View larger version (43K): [in this window] [in a new window]   FIGURE 3. Rad18 binds polyubiquitin through its UBZ domain. A, alignment of annotated UBZ domains from the human genome. The core cysteine and histidine residues that comprise the zinc-binding cage are marked in boldface type. The conserved aspartate residue that was mutated to alanine to make the D37A UBZ domain mutant is noted with an asterisk. Pol , DNA polymerase (SwissProt accession number Q9UBT6), which has two tandem UBZ domains. UBZ1, a novel protein of unknown function (Q5TE78), WRNIP1 (Q96S55), RAD18 (Q9NS91), and MTMR15 (Q86WU8) are shown. Pol , DNA polymerase (Q9Y253). B, Rad18 UBZ domain is sufficient for polyubiquitin binding in vitro. An in vitro ubiquitin pull-down was performed under the same conditions as described in the legend to Fig. 2A, using the UBZ domain of human Rad18 (residues 199–228) fused to MBP.

We purified WRNIP1-FLAG-MAT under strongly denaturing conditions and performed an immunoblot to test for the presence of covalently conjugated ubiquitin. A smear of ubiquitin-protein conjugates was observed, starting at 85 kDa, the expected molecular mass of monoubiquitinated WRNIP1 (Fig. 4A). The higher molecular weight ubiquitin-reactive species could represent WRNIP1, which is multiply monoubiquitinated, polyubiquitinated, or modified with both ubiquitin and a range of other post-translational modifications. The ubiquitination of WRNIP1 is abolished in the D37A UBZ domain mutant (Fig. 4A). Thus, as is the case with many other ubiquitin receptors, WRNIP1 ubiquitination is dependent on its ability to noncovalently bind ubiquitin (5).

The lysines on which WRNIP1 is ubiquitinated were identified by subjecting WRNIP1-FLAG-MAT to tryptic digestion and analysis by LC-MS/MS. Ubiquitination sites can be identified through mass spectrometry by the characteristic 114.1-Da mass shift and missed tryptic cleavage at the modified lysine (38). Data from eight WRNIP1 immunoprecipitation-mass spectrometry experiments were analyzed, yielding a total of 4249 WRNIP1-derived peptides with statistically significant scores. Of these 4249 peptides from WRNIP1, 102 peptides were observed to contain a lysine with a mass shift characteristic of covalent conjugation to ubiquitin, resulting in the identification of 12 ubiquitinated lysines (Table 3). A representative spectrum from one of the ubiquitinated peptides of WRNIP1 is shown in Fig. 4B. The ubiquitination sites are spread throughout the WRNIP1 sequence (Fig. 4C). In separate experiments, we have also observed a single ubiquitination site at lysine 231 on Mgs1p, the yeast homolog of WRNIP1 (data not shown).

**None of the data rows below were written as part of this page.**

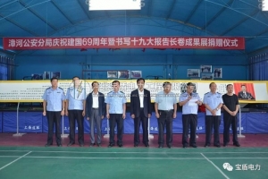 2018年9月29日,為慶祝新中國(guó)成立69周年,進(jìn)一步弘揚(yáng)無(wú)私奉獻(xiàn)、奮發(fā)向上的公安精神,“慶祝建國(guó)69周年暨書(shū)寫(xiě)《十九大報(bào)告》長(zhǎng)卷群成果展饋贈(zèng)儀式”在邯鄲市漳河公安分局隆重舉行。漳河經(jīng)濟(jì)開(kāi)發(fā)區(qū)管委會(huì)副主任董英、河北寶盾電力工程有限公司董事長(zhǎng)陽(yáng)洋、中國(guó)書(shū)畫(huà)古鄴分院院長(zhǎng)李德新、邯鄲市公安局文聯(lián)主席郝成年、公安文聯(lián)顧問(wèn)、市公安局原紀(jì)委副書(shū)記周振峰、公安文聯(lián)秘書(shū)長(zhǎng)趙祥吉、河北警察網(wǎng)總編任錫良、漳河公安分局黨委書(shū)記、局長(zhǎng)侯憲平、政委賈延平等領(lǐng)導(dǎo)一同參加饋贈(zèng)儀式。儀式由分局黨委副書(shū)記、政委賈延平主持。..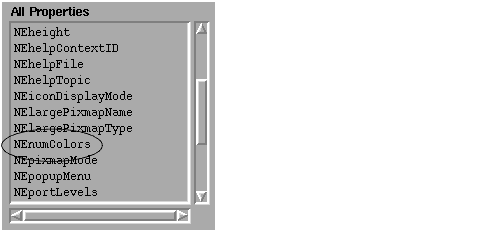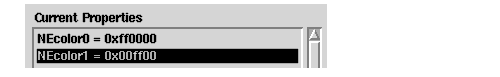 5. Find NEcolor0 in the All Properties list box, move it to Current Properties, and change its value from 0x303030 to 0xff0000.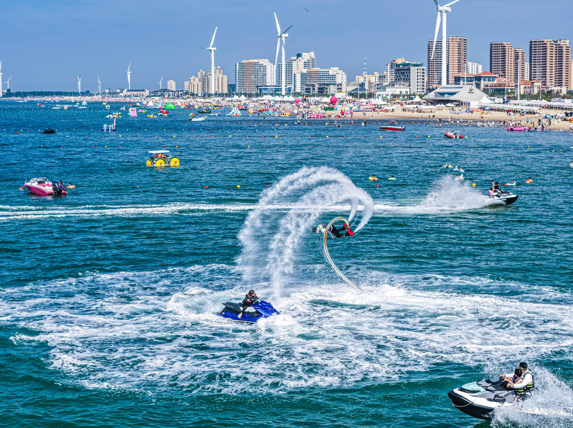眼下,我国多地持续高温,酷暑热浪催热“清凉经济”。图为在山东省荣成市那香海景区,游客享受海上旅游项目带来的清凉与欢乐(无人机照片)。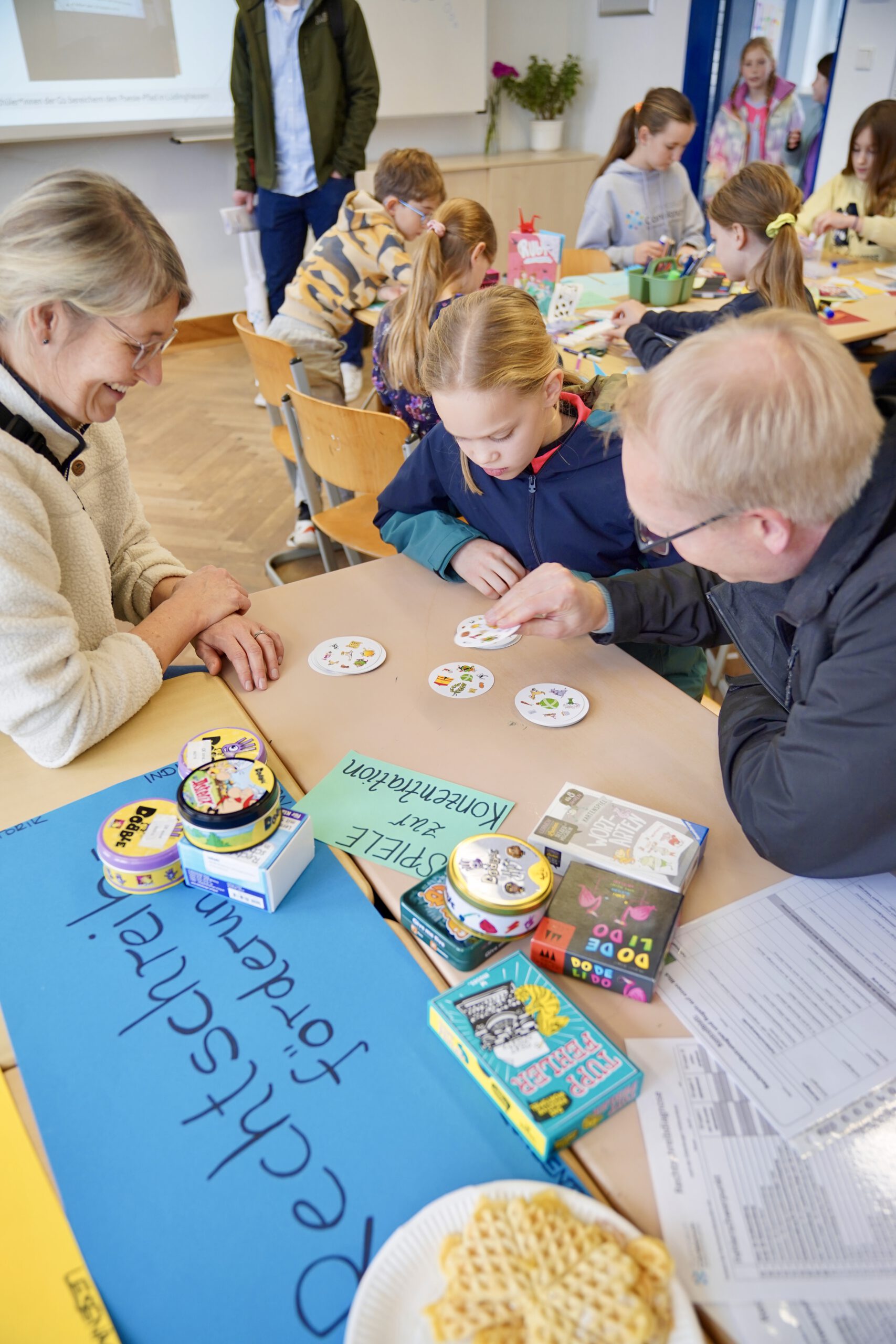 Für das leibliche Wohl war ebenfalls bestens gesorgt: Die Tansania-AG verkaufte Fairtrade-Waffeln, um weitere Spenden für das Projekt „KidzCare“ zu sammeln, und in der Mensa duftete es verführerisch nach frischem Kaffee und Kuchen.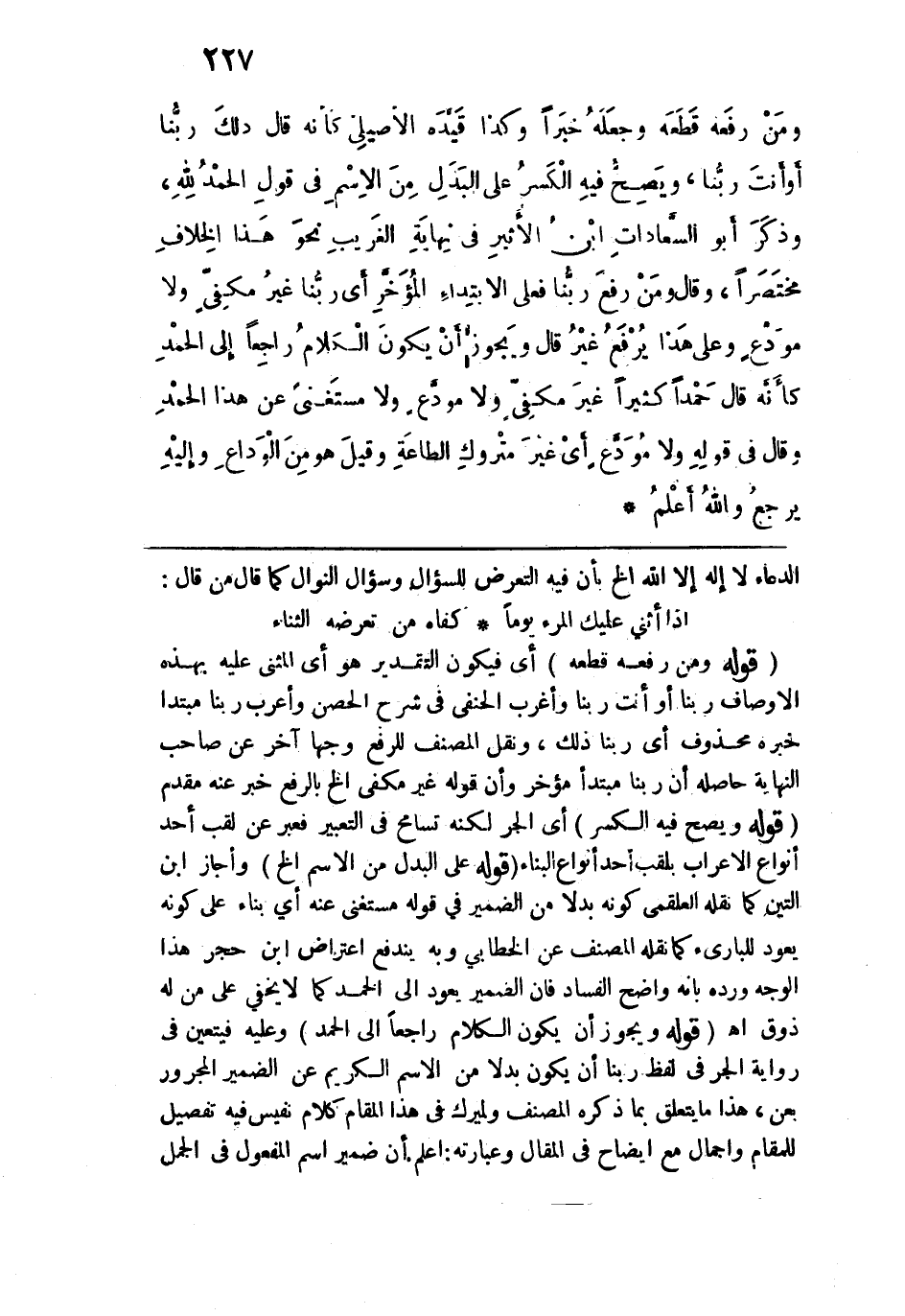 قوله: (ومن رفعه قطعه) أي فيكون التقدير هو أي المثني عليه بهذه الأوصاف ربنا أو أنت ربنا وأغرب الحنفي في شرح الحصن وأعرب ربنا مبتدأ خبره محذوف أي ربنا ذلك، ونقل المصنف للرفع وجهًا آخر عن صاحب النهاية حاصله أن ربنا مبتدأ مؤخر وأن قوله غير مكفي الخ بالرفع خبر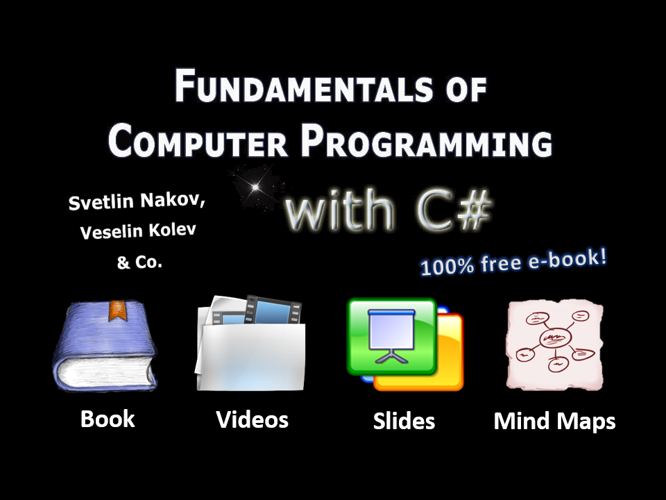 This free book on fundamentals of programming teaches the major programming concepts and way of thinking needed to become a good software engineer and the C# language in the meantime. It is a great start for anyone who wants to become a skillful software engineer. The books does not teach technologies like databases, mobile and web development, but shows the true way to master the basics of programming regardless of the languages, technologies and tools. It is good for beginners and intermediate developers who want to put a solid base for a successful career in the software engineering industry. The book is accompanied by 27 free video lessons on C# programming (42 hours), presentation slides (27 PPTX presentations) and mind maps, as well as hundreds of exercises with solutions and live examples.

Significantly, we find that the D37A UBZ domain WRNIP1 mutant that is no longer ubiquitinated undergoes increased sumoylation (Fig. 4A). This inverse correlation of ubiquitin and SUMO levels suggests that these two modifications may antagonistically regulate WRNIP1 function. Supporting this hypothesis, the WRNIP1 sequence contains three SUMO consensus sites according to the SUMOplot algorithm (Fig. 4C) (30). The highest scoring of these sites is Lys-81, which was also identified as a ubiquitination site in this study (Table 3). Thus, the mechanism behind the antagonism between ubiquitination and sumoylation may be competition for the same lysine residue.

MGS1/WRNIP1 Accelerates the Turnover of Ubiquitinated Proteins—The combination of a AAA+ ATPase domain and a ubiquitin-binding domain occurs in other proteins, the most well studied example being valosin-containing protein. Valosin-containing protein serves to facilitate the degradation of ubiquitinated proteins by the proteasome by binding the polyubiquitin chains and performing work with its ATPase domain (39).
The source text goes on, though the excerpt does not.